Problem
Nothing but the text of the listing, repeated exactly, belongs in the answer; leave the images out.

Data extract

* * * *

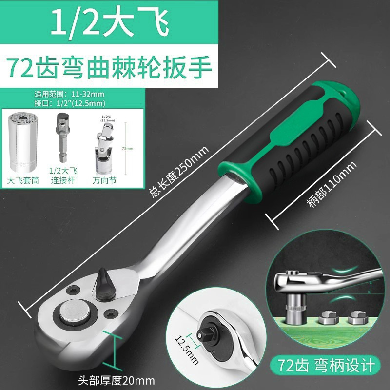 퀵 소켓 래칫 렌치 대형, 중형 및 소형 비행 양방향 범용 자동 수리 공구 렌치 공업용 등급 72 이 가정용스토어 가기
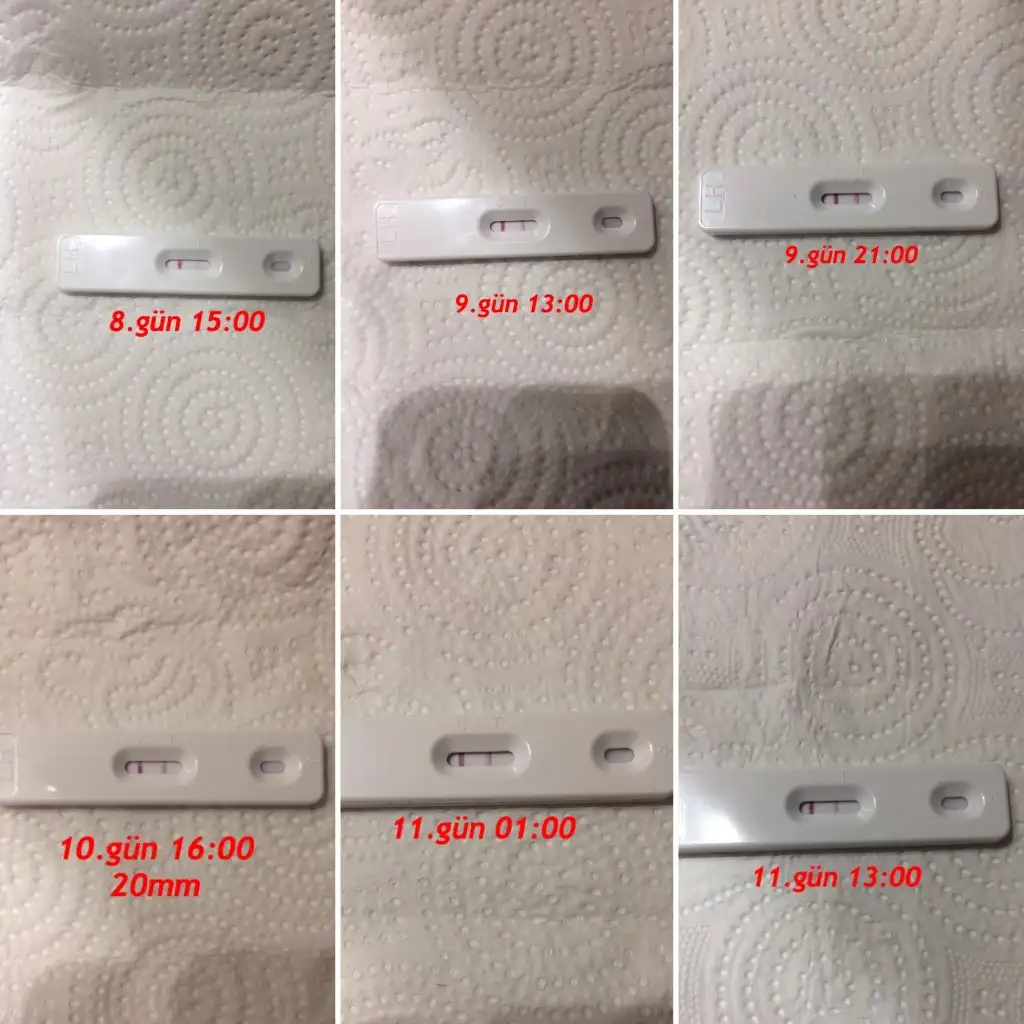 Döngünün 6. günü gittim ben doktora 14mm yumurta var dedi, dün de 10. Günde 20 mm olmuştu, bnm erken oluşup çatlıyo genelde ama bu çatladı mı noldu anlayamadım hepsi birbirine çok yakın9.gün sanki yumurtlama olmuş gibi canım bugun 11.gün de t çizgisi siliklenmiş çatlamış gibi değerlendir mutlaka
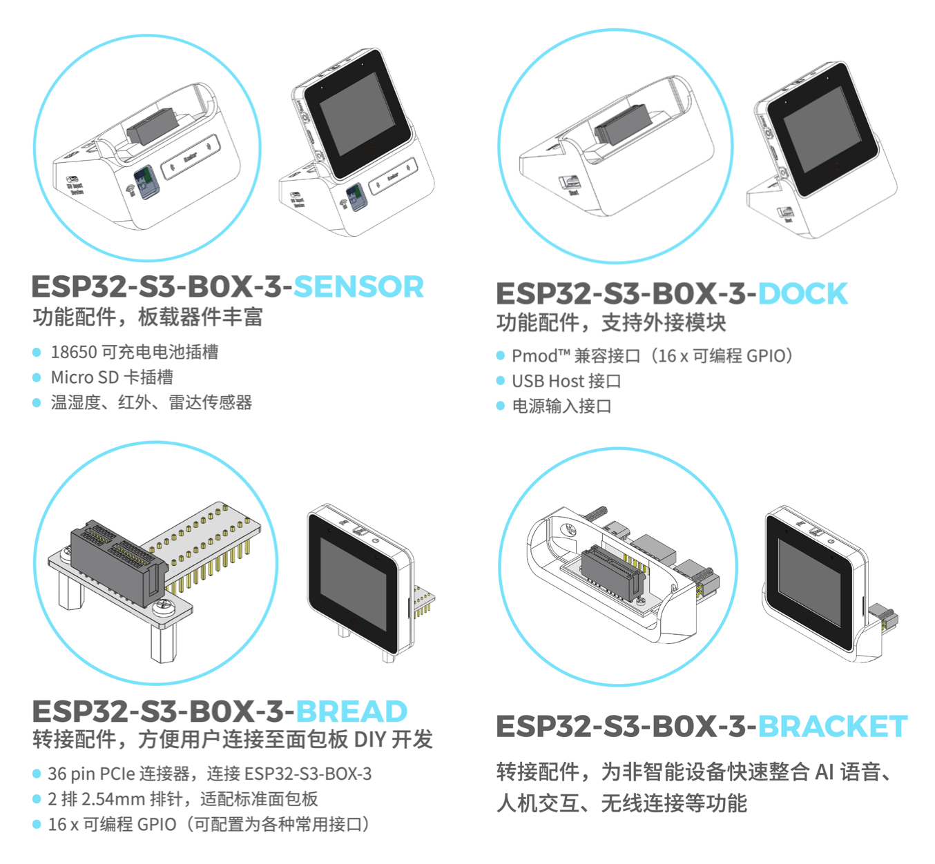 ESP32-S3-BOX-3 还提供了丰富的配件。ESP32-S3-BOX-3-SENSOR 和 ESP32-S3-BOX-3-DOCK 是两个功能配件。SENSOR 拥有多个板载器件,如温湿度传感器、红外发射器和接收器、雷达传感器等。DOCK 包含两个 Pmod™ 兼容接口(16 个可编程 GPIO),支持用户外接其他模块。ESP32-S3-BOX-3-BREAD 转接配件专用于将 BOX-3 连接至标准面包板进行 DIY 开发。ESP32-S3-BOX-3-BRACKET 转接配件能够将 BOX-3 集成到任何非智能设备中,为其快速整合 AI 语音、HMI、无线连接等功能。
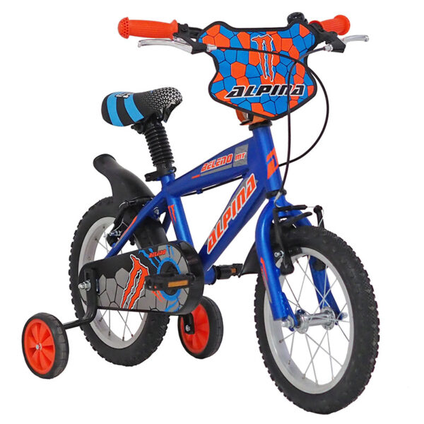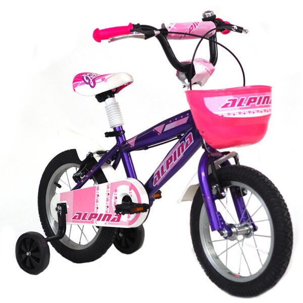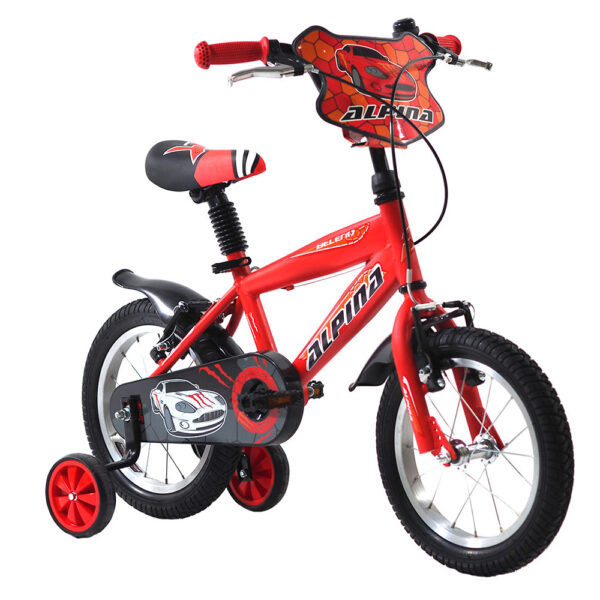 Παιδικό ποδήλατο Alpina Beleno VB 14'' για παιδιά ηλικίας 3-5 ετών (90-110 εκ) με ενισχυμένες βοηθητικές ρόδες ώστε να νιώθουν περισσότερη άνεση και ασφάλεια καθώς αρχίζουν να μαθαίνουν ισορροπία. Ο έξυπνος σχεδιασμός του καθιστά ιδιαίτερα ευχάριστη τη διαδικασία εκμάθησης ποδηλάτου για τους μικρούς μας αναβάτες ενισχύοντας την αυτοπεποίθησή τους.

* * * *

Answer to the problem
 퀵 소켓 래칫 렌치 대형, 중형 및 소형 비행 양방향 범용 자동 수리 공구 렌치 공업용 등급 72 이 가정용스토어 가기
 Döngünün 6. günü gittim ben doktora 14mm yumurta var dedi, dün de 10. Günde 20 mm olmuştu, bnm erken oluşup çatlıyo genelde ama bu çatladı mı noldu anlayamadım hepsi birbirine çok yakın9.gün sanki yumurtlama olmuş gibi canım bugun 11.gün de t çizgisi siliklenmiş çatlamış gibi değerlendir mutlaka
 ESP32-S3-BOX-3 还提供了丰富的配件。ESP32-S3-BOX-3-SENSOR 和 ESP32-S3-BOX-3-DOCK 是两个功能配件。SENSOR 拥有多个板载器件,如温湿度传感器、红外发射器和接收器、雷达传感器等。DOCK 包含两个 Pmod™ 兼容接口(16 个可编程 GPIO),支持用户外接其他模块。ESP32-S3-BOX-3-BREAD 转接配件专用于将 BOX-3 连接至标准面包板进行 DIY 开发。ESP32-S3-BOX-3-BRACKET 转接配件能够将 BOX-3 集成到任何非智能设备中,为其快速整合 AI 语音、HMI、无线连接等功能。
 Παιδικό ποδήλατο Alpina Beleno VB 14'' για παιδιά ηλικίας 3-5 ετών (90-110 εκ) με ενισχυμένες βοηθητικές ρόδες ώστε να νιώθουν περισσότερη άνεση και ασφάλεια καθώς αρχίζουν να μαθαίνουν ισορροπία. Ο έξυπνος σχεδιασμός του καθιστά ιδιαίτερα ευχάριστη τη διαδικασία εκμάθησης ποδηλάτου για τους μικρούς μας αναβάτες ενισχύοντας την αυτοπεποίθησή τους.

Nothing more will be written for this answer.